Recent studies have suggested obesity should be considered a confounding factor for RA and PsA disease severity and progression [27, 28], therefore, we stratified patients into high BMI (> 25) and low BMI (< 25) (Supplementary Fig. 1C), and observed that selective metabolic markers were higher in the RA BMI high group, including Leptin (p < 0.01) and c-Peptide (p = 0.08). In contrast, SAA (p < 0.05) was decreased in the high BMI group. In PsA, an increase was observed for CRP (p = 0.07) and GLP-1 (p < 0.05) high BMI group. All the other markers were unaltered between the two groups.

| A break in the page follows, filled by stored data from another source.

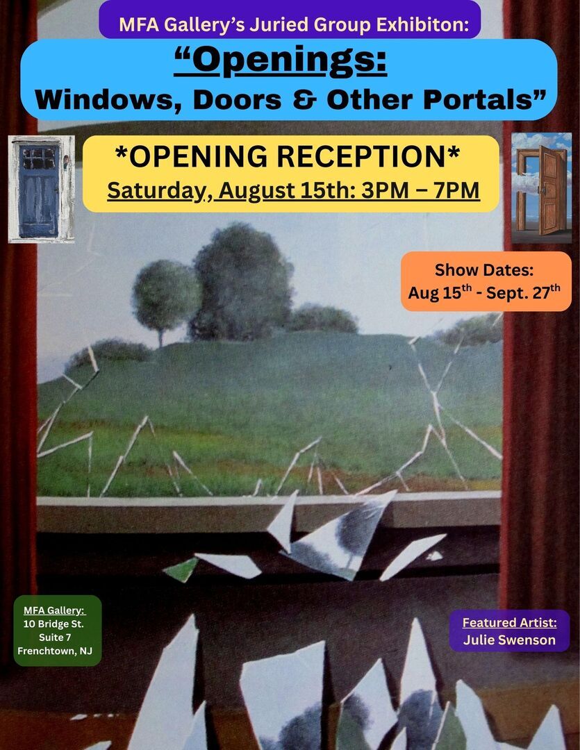 Join MFA Gallery on Saturday, August 15th from 3pm – 7pm, for the Opening Reception of our Juried Group Exhibition entitled “Openings: Windows, Doors & other Portals”!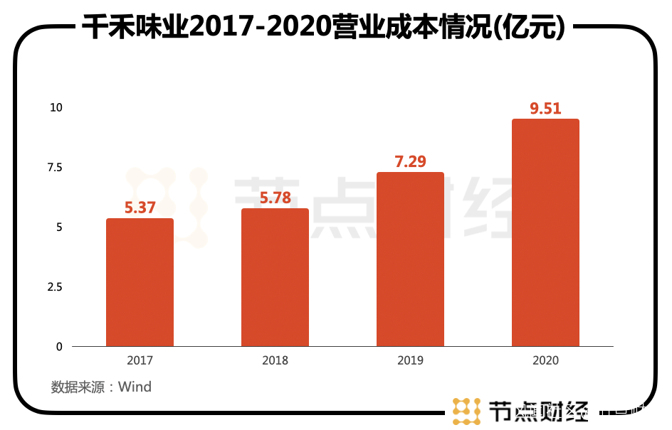 千禾上半年營業成本5.12億元,較2020年同期的4.02億元增加1.1億元,同比增幅27.39%。公司表示,主要系原材料價格上漲及本期執行新收入準則,將與合同履約直接相關的運雜費、包裝費用計入營業成本進行核算。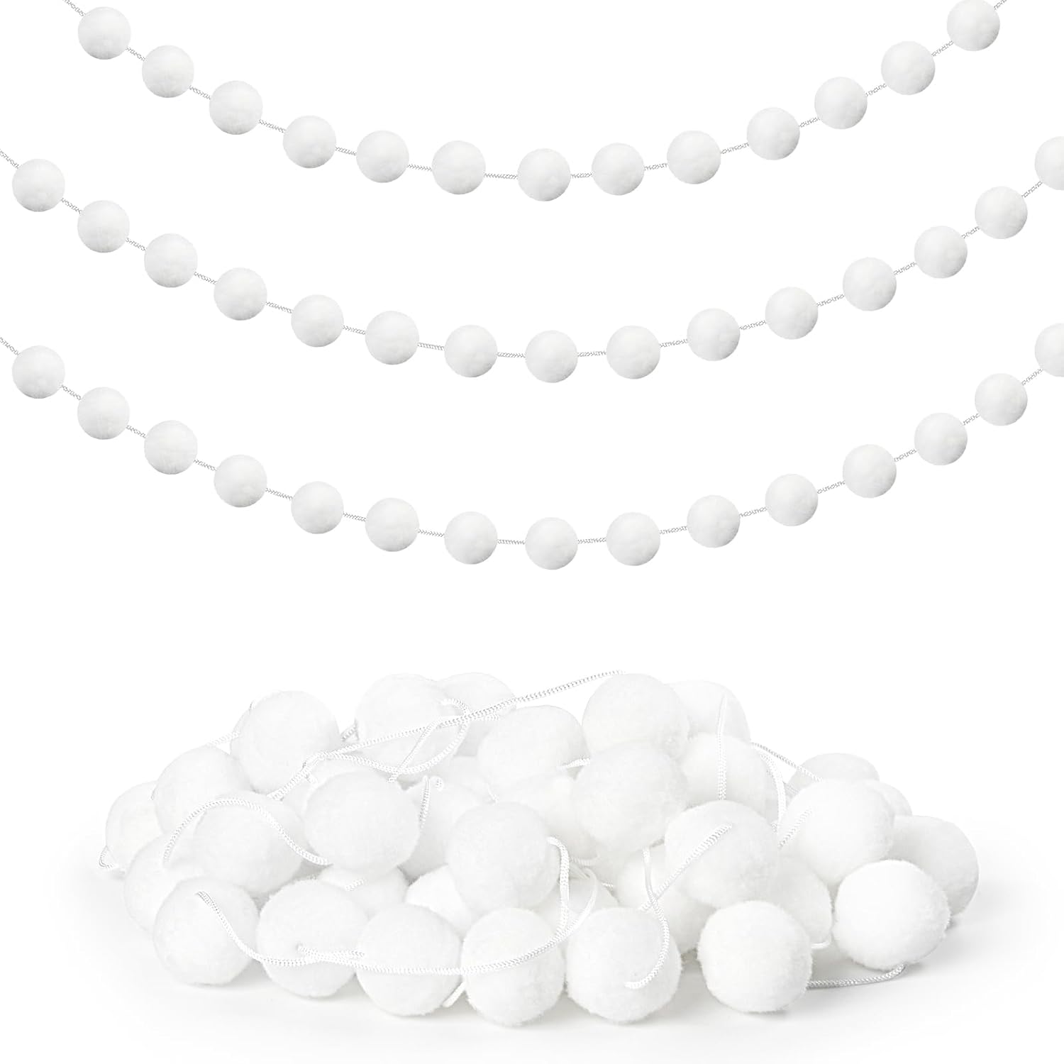 3 Pack Pom Pom Garland Colorful Felt Ball Garland Decorations, 6.5 Feet Long with 30 Balls Banner Hanging Supplies for Christmas, Birthday, Parties (White)

RA patients can be divided into two main subgroups based on the presence or absence of autoantibodies [1, 29], therefore we stratified the RA patients into seropositive (RA+) vs. seronegative patients (RA−) (Supplementary Fig. 2A), based on the presence of RF and/or ACPA. We observed that seropositive RA patients displayed increased serum markers, including CRP (p < 0.05), SAA (p = 0.05), sICAM (p < 0.05), sVCAM (p = 0.07), and GLP-1 (p = 0.07) GIP-1. To account for the absence of autoantibodies in PsA, we compared the above markers between RA− and PsA. Interestingly, CRP was still found to be higher in RA− vs. PsA (p < 0.05), with a trending decrease observed for sICAM-1, sVCAM-1, GLP1 and GIP-1 active, although not reaching significancy (Supplementary Fig. 2B). This might suggest that the differences between RA and PsA are not only due to the lack of autoantibodies in the latter, but might be ascribed to more complex molecular mechanisms, although bigger cohorts should be used to confirm this.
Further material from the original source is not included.